— У тебя была работа, у тебя была квартира, у тебя была устоявшаяся жизнь какая-то. Родители, к которым ты ездил на службу в воскресенье в церковь, брат, с которым ты встречался раз в месяц — попить кофе. Сестра, с которой мы ходили на мастер-классы по стеклу и так далее. Сейчас родители в оккупации, брат в армии защищает Киев, сестра в Польше.
А Евгения в Латвии. И из всего, что она перечислила, ничего не осталось. Но есть тяга к живописи. А благодаря добрым людям есть и инструменты.

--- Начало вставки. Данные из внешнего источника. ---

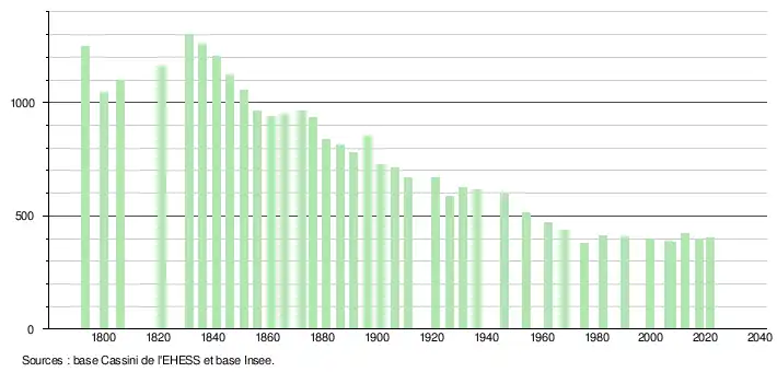 L'évolution du nombre d'habitants est connue à travers les recensements de la population effectués dans la commune depuis 1793. Pour les communes de moins de 10 000 habitants, une enquête de recensement portant sur toute la population est réalisée tous les cinq ans, les populations légales des années intermédiaires étant quant à elles estimées par interpolation ou extrapolation[22]. Pour la commune, le premier recensement exhaustif entrant dans le cadre du nouveau dispositif a été réalisé en 2007[23].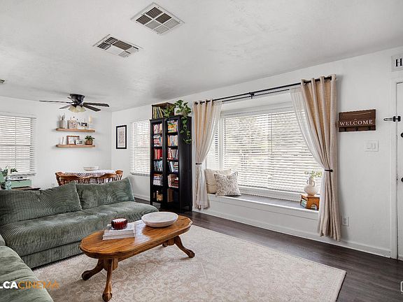 Charming turnkey home located in the desirable La Cresta neighborhood, just 5 minutes from Bakersfield College. This cozy home features 3 spacious bedrooms, including one with a stylish feature wall, and an updated bathroom with new flooring, light fixture, and mirror. Enjoy an eat-in kitchen plus a separate dining room, perfect for family meals and entertaining. The bright living room boasts lots of natural light and a charming window seat with views of the park across the street. Ceiling fans in every room keep the home comfortable year-round. Outside, a large backyard is a blank slate ready for your vision, complemented by a versatile shed ideal for storage or a home gym. Additional benefits include utility trailer parking and a covered carport. Ideal for first-time buyers seeking a stylish, move-in-ready home in a quiet neighborhood.Don'tmissout!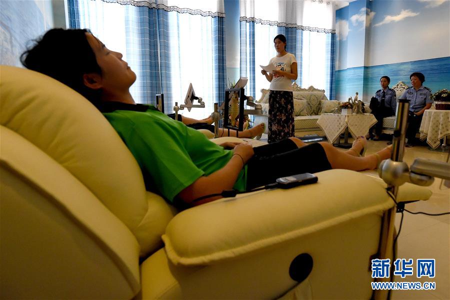 6月26日是國際禁毒日,今年的主題是“無毒青春健康生活”。在禁毒日前夕,記者走進(jìn)了河南省唯一的女子強(qiáng)制隔離戒毒所及唯一的未成年人強(qiáng)制隔離戒毒所。近年來,戒毒所注重對(duì)戒毒人員的溫情關(guān)懷救助,搭建戒毒治療綜合性平臺(tái),努力為戒毒人員打造“溫馨之家”,設(shè)置了瑜伽室、健身室、心理咨詢室等場所,通過開展各種體育鍛煉、心理咨詢、職業(yè)技能培訓(xùn)以及社會(huì)適應(yīng)性教育等活動(dòng),幫助戒毒人員強(qiáng)化體能、修復(fù)身心損害,使他們可以盡快走出困境,融入社會(huì)。新華社記者 李安 攝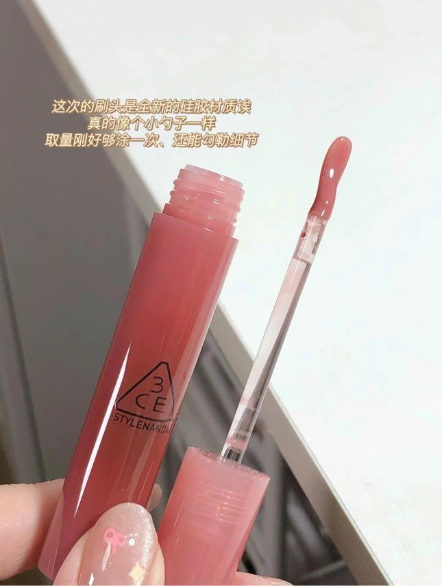 报!3CE小蜜勺来了! 春日明媚少女风我好爱 透亮的果冻感外壳、妥妥的韩系甜妹 feel 嫩嘟嘟的镜面玻璃唇好米 妆感好清透、水光感美的我说不出话(上嘴有滋润感 这次的刷头是全新的硅胶材质诶真的像个小勺子一样 取量刚好够涂一次、还能勾勒细节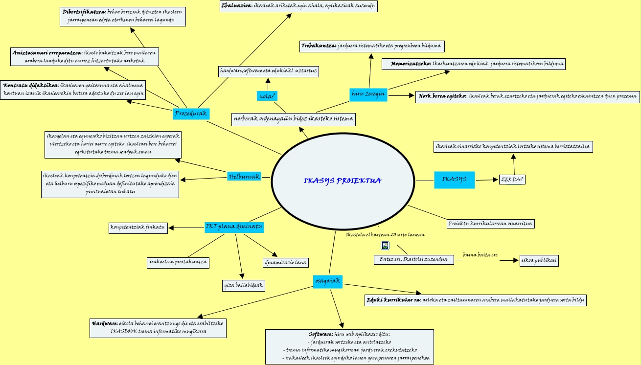 Este Cmap, tiene información relacionada con: gari, IKASYS PROIEKTUA osagaiak Eduki kurrikular ra: arloka eta zailtasunaren arabera mailakatutako jarduera sorta bildu, norberak ordenagailu bidez ikasteko sistema hiru zeregin Trebakuntza: jarduera sistematiko eta progresiboen bilduma, IKASYS PROIEKTUA Prozedurak Kontratu didaktikoa: ikaslearen gaitasuna eta ahalmena kontuan izanik ikaslearekin batera adostuko du zer lan egin, IKASYS PROIEKTUA IKT plana diseinatu dinamizazio lana, IKASYS PROIEKTUA Ikastola elkartean 20 urte lanean Batez ere, Ikastolei zuzendua, IKASYS PROIEKTUA ???? norberak ordenagailu bidez ikasteko sistema, norberak ordenagailu bidez ikasteko sistema hiru zeregin Nork berea egiteko: ikasleak berak ezartzeko eta jarduerak egiteko eskaintzen duen prozesua, IKASYS PROIEKTUA Helburuak ikasgelan eta eguneroko bizitzan sortzen zaizkion egoerak ulertzeko eta horiei aurre egiteko, ikasleari bere beharrei egokitutako tresna sendoak eman, IKASYS PROIEKTUA IKT plana diseinatu irakasleen prestakuntza, IKASYS PROIEKTUA IKASYS ZER DA?, IKASYS PROIEKTUA IKT plana diseinatu konpetentziak finkatu, IKASYS PROIEKTUA Prozedurak Dibertsifikatzea: behar bereziak dituzten ikasleen jarraipenean edota etorkinen beharrei lagundu, ZER DA? ???? ikasleak oinarrizko konpetentziak lortzeko sistema berriztatzailea, norberak ordenagailu bidez ikasteko sistema nola? hardware,software eta edukiak) uztartuz, IKASYS PROIEKTUA osagaiak Software: hiru web aplikazio ditu: - jarduerak sortzeko eta antolatzeko - tresna informatiko mugikorrean jarduerak exekutatzeko - irakasleek ikasleek egindako lanen garapenaren jarraipenekoa, IKASYS PROIEKTUA ???? Proiektu kurrikularrean oinarritua, IKASYS PROIEKTUA IKT plana diseinatu giza baliabideak, norberak ordenagailu bidez ikasteko sistema hiru zeregin Memorizatzeko: Ikaskuntzaren edukiak jarduera sistematikoen bilduma, IKASYS PROIEKTUA osagaiak Hardware: eskola beharrei erantzungo die eta erabiltzeko IKASBOOK tresna informatiko mugikorra, IKASYS PROIEKTUA Prozedurak Aniztasunari erreparatzea: ikasle bakoitzak bere mailaren arabera landuko ditu aurrez hitzartutako ariketak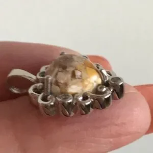 Sterling Silver pendant with Australian Jasper center stone (extracted from the Mooka Creek in Western Australian) surrounded by perfectly clear genuine White Sapphires. This dainty pendant is brand new ready for gifting.

— Мне одна девочка передала кисточки. У меня столько кисточек не было в Украине. Вот такой мешок! Я ей звоню, говорю: «Боже, я же вас просила только три штучки, чтобы начать немножко». Она такая: «Нет, вы что, я сама их делаю». Сегодня ещё девушка обещала подвезти мне мольберт и цветные карандаши.
Если честно, это самое-самое любимое, что я люблю делать в жизни. Я отчетливо себя помню в пять лет за этим занятием. Специальность у меня не живопись, я художник-иллюстратор. Но я всегда очень любила живопись, меня это всю жизнь спасает в самые такие тяжёлые моменты.

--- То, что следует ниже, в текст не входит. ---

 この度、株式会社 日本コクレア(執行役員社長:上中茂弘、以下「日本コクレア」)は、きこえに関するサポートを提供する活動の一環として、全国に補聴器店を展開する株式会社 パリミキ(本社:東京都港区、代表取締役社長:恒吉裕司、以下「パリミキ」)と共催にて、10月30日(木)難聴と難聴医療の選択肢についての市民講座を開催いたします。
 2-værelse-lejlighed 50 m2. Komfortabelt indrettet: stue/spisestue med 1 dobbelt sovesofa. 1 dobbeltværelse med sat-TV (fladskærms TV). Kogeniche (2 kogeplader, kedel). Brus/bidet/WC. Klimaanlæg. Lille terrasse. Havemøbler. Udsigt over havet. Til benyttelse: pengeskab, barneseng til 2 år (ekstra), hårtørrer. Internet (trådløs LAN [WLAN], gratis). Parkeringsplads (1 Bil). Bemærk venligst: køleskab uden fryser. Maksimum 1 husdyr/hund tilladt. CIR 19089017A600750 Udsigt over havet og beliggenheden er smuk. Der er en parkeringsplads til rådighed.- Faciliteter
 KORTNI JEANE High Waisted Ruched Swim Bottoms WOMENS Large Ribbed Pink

Тебя вообще ничего не отвлекает. Там посмотреть любимый сериал — это не работает. Включаешь, через пять минут находишь себя в новостях, просматриваешь, что взорвали, где взорвали, что случилось. Начинаешь опять обзванивать знакомых. «Вы там? Вы живы?» В такие моменты я поняла: чтобы не сойти с ума, нужно прямо сейчас купить себе какой-то холст, краски и просто что-нибудь сделать. Чтобы в это уйти, в это погрузиться. Знаете, на каком-то психологическом уровне оно тебя отправляет в ту точку, где всё было хорошо. У тебя есть кисточки, запах краски, привычные движения по холсту.
Только так у Евгении получается отвлечься на несколько часов. И, хоть физически она в безопасности, сон ещё не вернулся, эмоционально чувствует себя плохо. Но живопись не только хобби и психотерапия. В Украине Евгения продавала картины. Родители её начинания всегда поддерживали. Сейчас они всё еще в Демидове — это село в Киевской области.

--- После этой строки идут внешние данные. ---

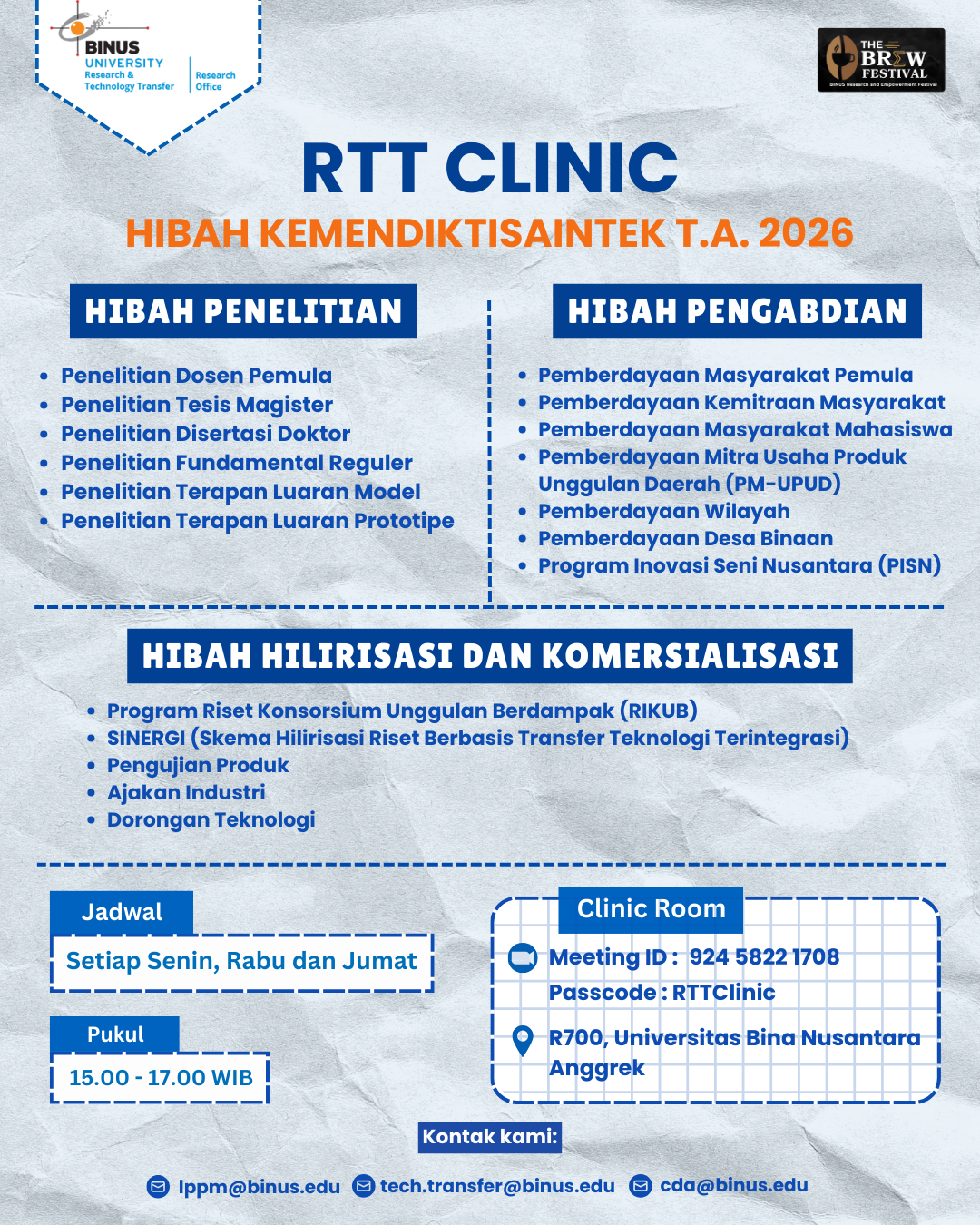 Dalam rangka mendukung persiapan dan kualitas proposal Prof/Bapak/Ibu, Research and Technology Transfer (RTT) menyelenggarakan RTT Clinic.

— Когда я думаю о своих родителях, которые там сидят… Я звонила везде, в Украинский красный крест, просила: «Если нет коридора, привезите лекарства, им 70 лет, от давления хотя бы лекарства какие-то». Они говорят: «Мы знаем, но российский блокпост не пропускает даже красный крест». Я позвонила в Беларусь, потому что там до Беларуси 140 километров. Там же люди, там же старики. Они говорят: «Мы эти вопросы не решаем».
Папа заряжает от какого-то аккумулятора машинного телефон и включает один раз в сутки. Для того чтобы писать, что они живы. Чтобы мы с ума не сошли. Газа тоже нет, они разводят костёр. Раз в два дня на этом костре что-то готовят. Воду — починили какой-то насос, сделали его механическим. Смогли со скважины воду брать. А до этого, слава богу, снег пошёл, папа снег топил. Сегодня утром написал: живы. Слава богу.
Когда люди пытаются выйти, расстреливают просто в спину. Мы сестру оттуда забрали младшую, ей 30 лет. Они шли пешком, там, где взорванные мосты, там периодически стреляли. Пока она дошла, я думала, я с ума сойду. И писать ей не могу: увидят телефон — точно расстреляют.
Она сейчас в Польше, ходит к психологу. И он говорит, у неё не сильно всё хорошо. Я говорю, чтобы она держалась. Надо выдержать, надо ещё родителей оттуда достать. Хотя бы, если они не захотят переезжать, дождаться, когда оттуда уйдут войска, все им отремонтировать, создать какие-то условия. «Если ты будешь раскисать, кто это будет делать?»
У нас ещё не самая страшная история. А есть люди, у которых погибли родственники, у которых нет дома. Просто ненавижу это всё, если честно.
Сегодня стало известно, что село, где живут родители Евгении наконец освобождено.
Также в Украине остался муж Евгении. Сюда она приехала с уже взрослой дочкой. Так что из родных рядом только она. Когда бежали от войны, из вещей почти ничего не взяли.
— Мы даже когда выбегали из дома, я Вике говорю: «Хватаем эти две иконы, тогда с нами ничего не случится». Ну человек должен во что-то верить. И мы с этими иконами так и поехали. Мы вот так их везли через все блокпосты.
Одну икону Евгения написала сама. Но в своей привычной жизни она была промышленным дизайнером.
— В Украине, я могу смело сказать, в каждом третьем доме лежит керамическая плитка, на которой я делала декорацию.
Сейчас завод остановил свою работу. Но надежда, что всё закончится.